DESCRIPTION OF THE TASK:
Pictures in the listing do not belong in the copy, which should repeat exactly the lines from the one holding "На этаже расположено 5 квартир." through the last line.

COLLECTED MATERIAL:

===

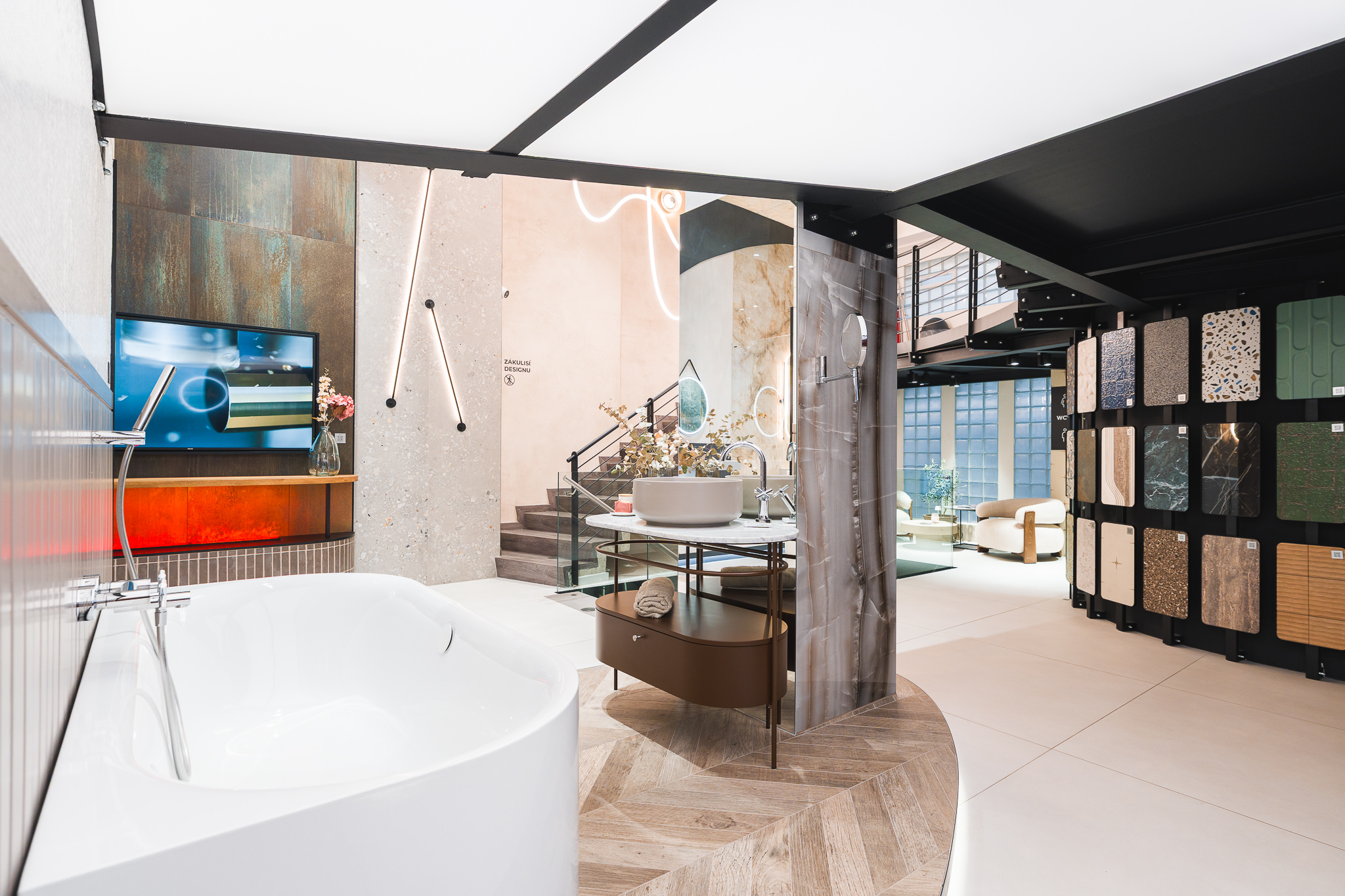 V showroomu Keraservis v Centru bydlení a designu Křižíkova v Praze najdete široký výběr obkladů, dlažeb a vybavení do koupelny od ověřených značek z Itálie, Španělska a České republiky.
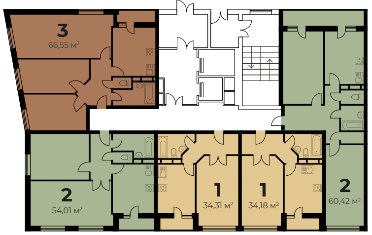 На этаже расположено 5 квартир.
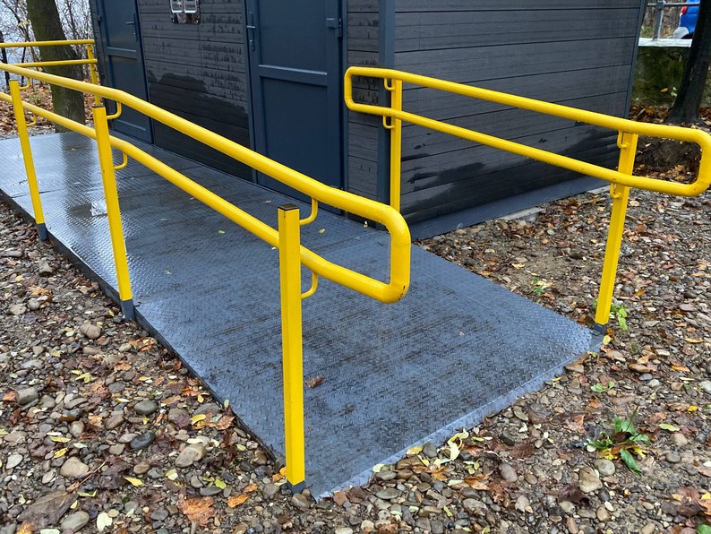 Для людей з інвалідністю передбачили пандус та окрему інклюзивну кабіну, яка також обладнана сповивальним столиком для малюків.

===

EXERCISE ANSWER:
 На этаже расположено 5 квартир.
 Для людей з інвалідністю передбачили пандус та окрему інклюзивну кабіну, яка також обладнана сповивальним столиком для малюків.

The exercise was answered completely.